Results: Statistical Modeling

Unthresholded Statistic Maps Thresholded statistic maps can be seriously misleading. Both because they exclude sub-threshold but possibly broad patterns, and because they immediate reveal the mask. A reader automatically equates an absence of suprathreshold blob with no activation, yet they would think differently if they found there was no data in that entire region (possible due to susceptibility artifacts).

For more on this merits of unthresholded images: Jernigan TL, Gamst AC, Fennema-Notestine C, Ostergaard AL. More "mapping" in brain mapping: statistical comparison of effects. Hum Brain Mapp. 2003 Jun;19(2):90-5. [Matthew Brett].
Time Course Plots For event-related analyses minimally, and all analyses perhaps, waveforms should be plotted as figures or supplemental materials. [Alex Shackman]
Plotting interactions If significant interactions (e.g., Group x Condition) or other complex contrasts are observed, barplots of % signal change or the like would be helpful. If bar plots are used, error bars should be included. If the contrast is within-subjects (repeated-measures) the appropriate within-subjects (repeated-measures) errors should be used (Masson & Loftus, 2003). [Alex Shackman]
Hemisphere Effects Inferences about significant hemispheric asymmetry require formal tests of the Hemisphere x Condition (or Hemisphere x Group) interaction (cf. Davidson & Irwin, 1999; Friston, 2002; Pizzagalli, Shackman & Davidson, 2003). It is inappropriate to infer from main effects (of condition or group) that are significant in only one hemisphere that there is a significant asymmetry. [Alex Shackman]
Correlation Effects Analyses of zero-order, partial, or part correlations between brain activity and other measures (e.g., paper-and-pencil measures, task performance) mandate the inclusion of scatter plots, preferably with CIs. [Alex Shackman]
Maps of Standard Devation or Confidence Interval Length There is also a wealth of information in the variance or stanadard deviation. A confidence interval for the primary effect is a scalar multiple of the standard deviation image (or, even if the CI is desired for the BOLD %change, it's very easy to compute).
ROI Mask Data The exact values in a ROI mask can be critically evaluated to see if the regions covered make sense. [Matthew Brett]

Ideally, even a public library of ROI masks could be created. (Separate project!) [Rachel Mitchell]
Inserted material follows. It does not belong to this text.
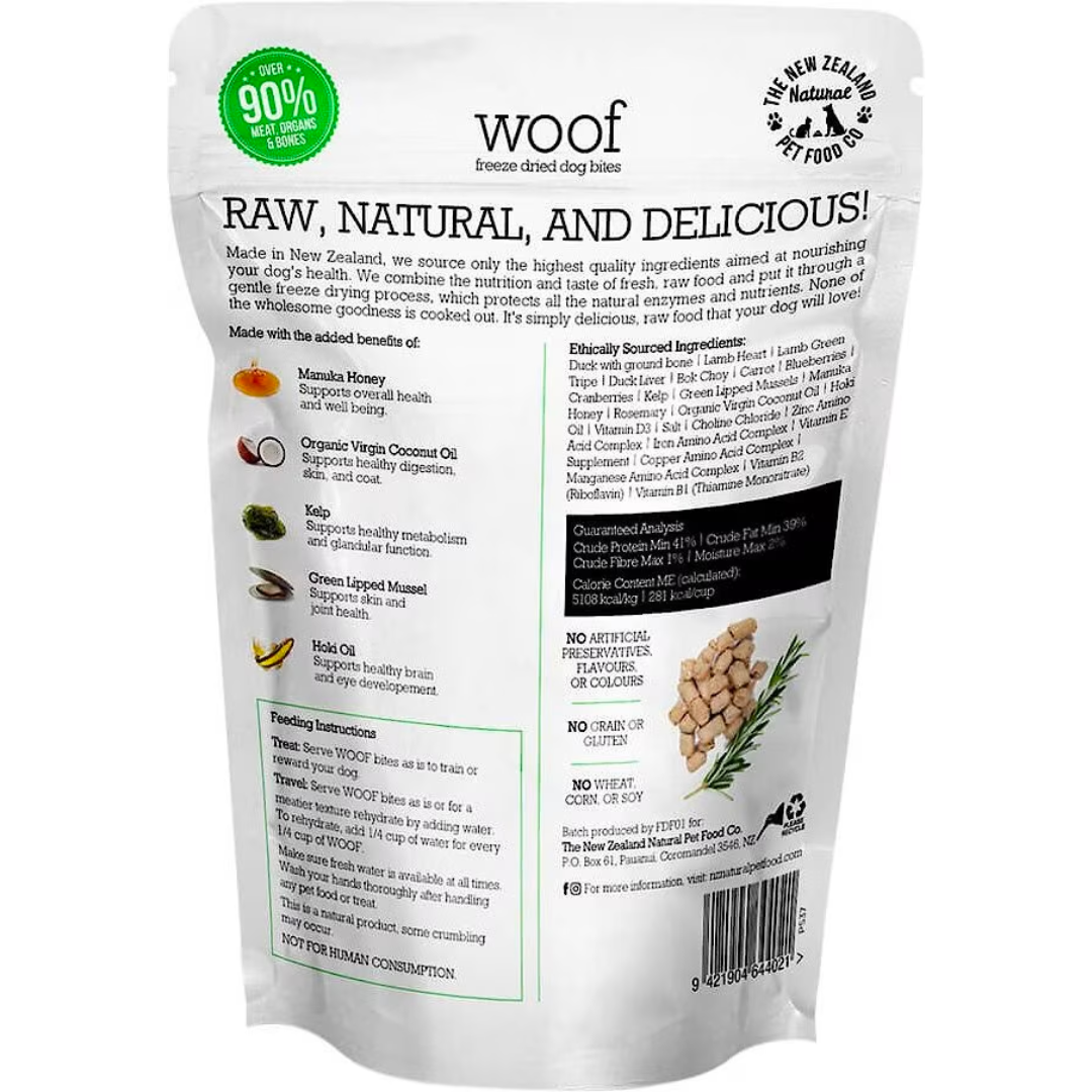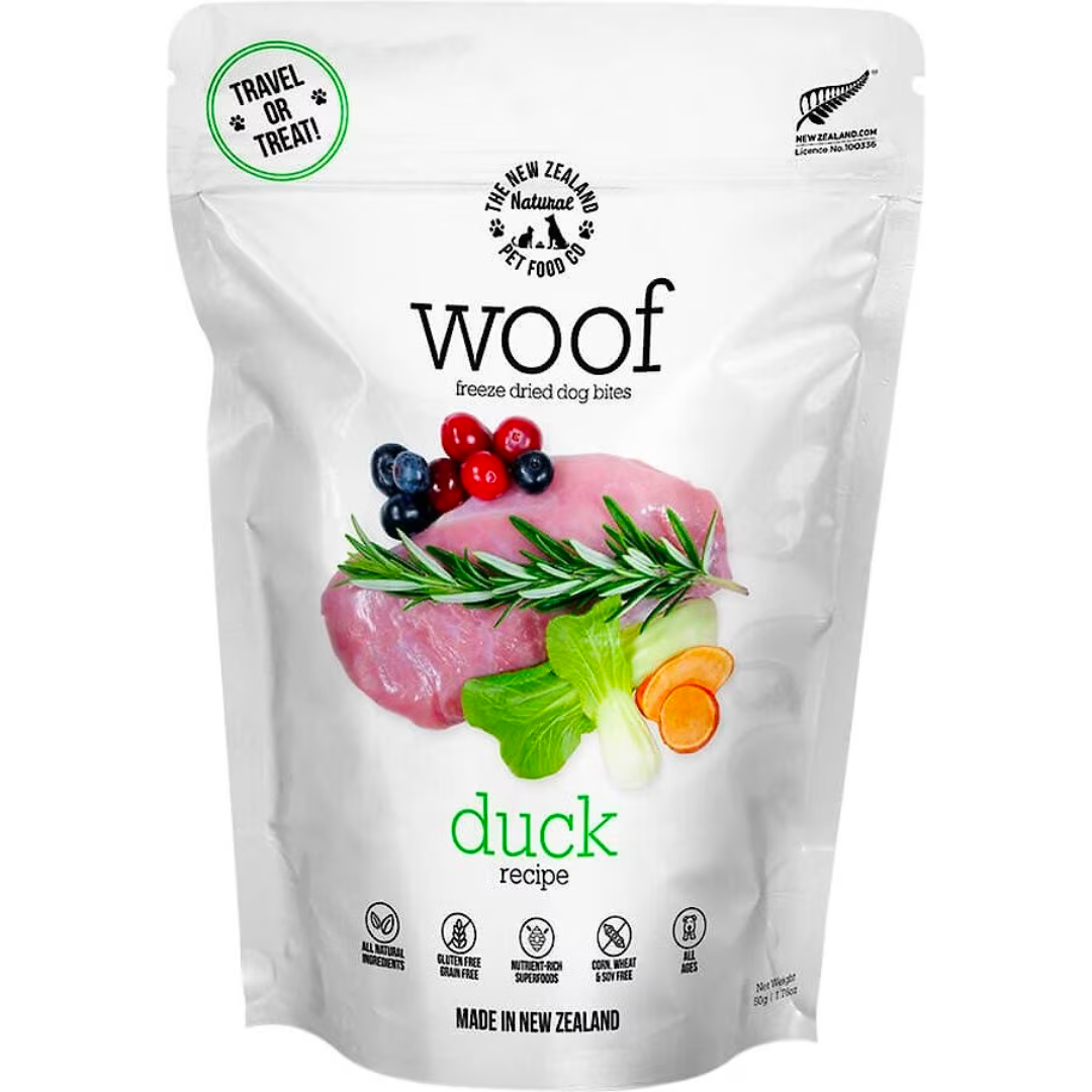 The New Zealand Natural Pet Food Co.'s Chicken Freeze-Dried Food 1.76oz is not just delectably tasty but also packed with health benefits. Elevate playtime and training with the savory punch of New Zealand Natural Woof Duck Treats. Expertly crafted, these freeze-dried morsels are packed with superior ingredients, such as cage-free duck and a range of superfoods. Their protein-packed composition ensures robust nutrition in every bite. Perfect as a training reward or a nourishing treat, or mixer/topper to food. They can be enjoyed as crunchy bites or rehydrated for a more succulent texture. Their versatility means they're great for any mealtime occasion, whether you're cozy at home or adventuring on the road.

Here is one public ROI library, with a description of how it can be used in FSL with Russ Poldrack's Matlab scripts. [Cbris Rorden]
Statistical Diagnostics To assess if the data satisify the statistical assumptions, show the diagnostic statistics that assess Normality and white noise (possibly after whitening) assumptions. [Torben Lund]
Design Matricies & Contrasts When complex designs are used, a graphical representation of the matrix and a description of contrasts in term of columns could be provided as supplementary information.

Miscellaneous Issues

Software - Nomenclature In a write up of suggested guidelines, it might help to include a simple mapping between the names a software uses (i.e. the buttons to press) and the actual statistical function carried out, for each major analysis package. [Dara Ghabremani]
Similar efforts in other fields
- ERPs: Picton et al, 2000, Psychophysiology. 2000 Mar;37(2):127-52 [Alexa Morcom]

Acknowledgments

The following people have made contributions to this effort. Max Gunther started the tbread on the SPM list, and Karsten Specht, Russ Polldrack, Kent Kiel, Mauro Pesenti, Jesper Andersson, Iain Johnstone, Robert Welsh, Dara Ghabremani, Alexa Morcom, and Lena Katz, Daniel (aka Jack) Kelly, Cyril Pernet and Alex Shackman followed with more suggestions.